Deep News07-10 16:30

International crude oil prices are on track for a weekly gain of approximately 5%, driven by heightened concerns over supply disruptions stemming from escalating military tensions between the US and Iran and shipping constraints in the Strait of Hormuz.

While geopolitical risk premiums have provided substantial support for oil prices, a minor pullback was observed in early trading on the 10th as market participants assessed the overall conflict as remaining contained.

According to the latest trading data, Brent crude futures in London dipped 0.2% to $76.18 per barrel, while West Texas Intermediate (WTI) crude futures in New York edged down 0.1% to $72.02 per barrel.

Primary Market Drivers

Market analysts highlight that the primary catalyst for the recent price surge is investor anxiety over potential disruptions to energy supply chains in the Middle East.

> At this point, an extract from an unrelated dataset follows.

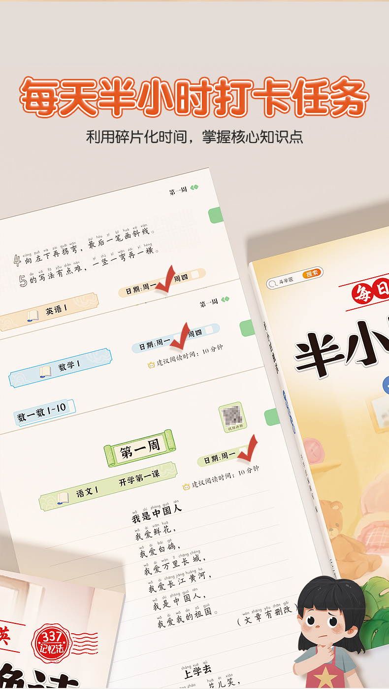 【斗半匠】小学1-6年级每日语数英半小时晚读

The resurgence of conflict between the US and Iran has led to a notable decline in traffic through the critical Strait of Hormuz, significantly increasing shipping risks and insurance costs for commodity carriers navigating the waterway.

Analyst Perspectives on Market Sentiment

The analysis team at Saxo Bank noted that the slight moderation in prices following a mid-week surge suggests traders currently view the situation as a temporary challenge to the ceasefire agreement rather than a complete breakdown.

Analysts from ANZ Research also pointed out that while US strikes on military targets within Iran have intensified, clear statements from the Trump administration about avoiding attacks on Iranian energy infrastructure have helped to stabilize market sentiment, thereby capping the potential for a sustained price surge.

Outlook and Key Factors to Watch

Commenting on the future trajectory, Waleed Said, an analyst at financial institution GivTrade, emphasized that international oil prices are likely to maintain strong support in the near term as long as the geopolitical risk premium associated with Iran persists.

Moving forward, market participants will closely monitor the latest US jobless claims data and comprehensively assess whether domestic US consumer demand possesses sufficient resilience to absorb the elevated fuel costs resulting from the geopolitical conflict.